**Assignment:** Leave out the pictures and set down exactly the lines from the start of the listing through the one with "Die Abbruchoszillationen sind", both included.

**The data:**
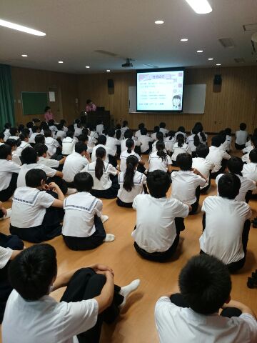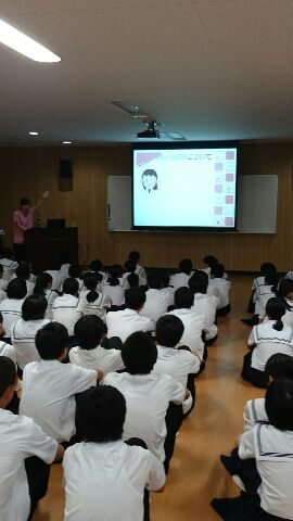 5.6時間目に3年生は、性教育を多目的室で、大阪府済生会中津病院の助産師さんを招いて、「性感染症について」の授業を行いました。
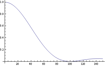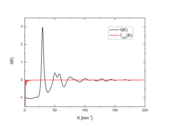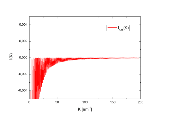 Die Abbruchoszillationen sind sogar schon unterhalb eines möglichen Vormaximums zu vernachlässigen, so dass davon auszugehen ist, das Abbruchoszillationen im Impulsraum keinen Fehler verursachen, weder in zusätzlichen Maxima, noch in der Verschiebung von Maxima und auch nicht in einer Änderung der Intensität.
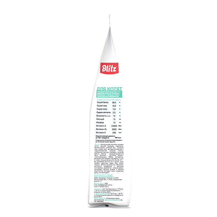 В чём преимущества Blitz Kitten для котят? Оптимальное содержание мясных белков, жиров и энергии обеспечивают особые потребности растущих котят, корм может быть использован для беременных и кормящих кошек. Содержащиеся в корме пробиотики улучшают усвояемость корма и поддерживают иммунитет. Корм содержит ненасыщенные жирные кислоты Омега-3 и Омега-6, обеспечивающие иммунитет, здоровую кожу и отличную шерсть. Корм включает качественные низкоаллергенные зерновые культуры: рис и кукурузу. Не содержит пшеницу, зачастую являющуюся причиной аллергии. Экстракт Юкки Шидигера улучшает пищеварительный процесс, снижает метеоризм и уменьшает запах фекалий.
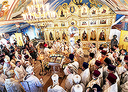 В воскресенье Божественную литургию совершили архиепископ Монреальский и Канадский Гавриил, епископ Австралийско-Новозеландский Георгий и епископ Сиракузский Лука, настоятель Свято-Троицкого монастыря в Джорданвилле (США). Следует отметить запомнившееся всем присутствующим прекрасное звучание Русского мужского православного хора Австралийско-Новозеландской епархии под руководством Н.Котлярова, специально собравшегося на это торжество. Этот хор хорошо знают и любят в русском сообществе Австралии. Его хористы поют в различных русских храмах Сиднея, Брисбена, Канберры.

**Answer space:**
 5.6時間目に3年生は、性教育を多目的室で、大阪府済生会中津病院の助産師さんを招いて、「性感染症について」の授業を行いました。
 Die Abbruchoszillationen sind sogar schon unterhalb eines möglichen Vormaximums zu vernachlässigen, so dass davon auszugehen ist, das Abbruchoszillationen im Impulsraum keinen Fehler verursachen, weder in zusätzlichen Maxima, noch in der Verschiebung von Maxima und auch nicht in einer Änderung der Intensität.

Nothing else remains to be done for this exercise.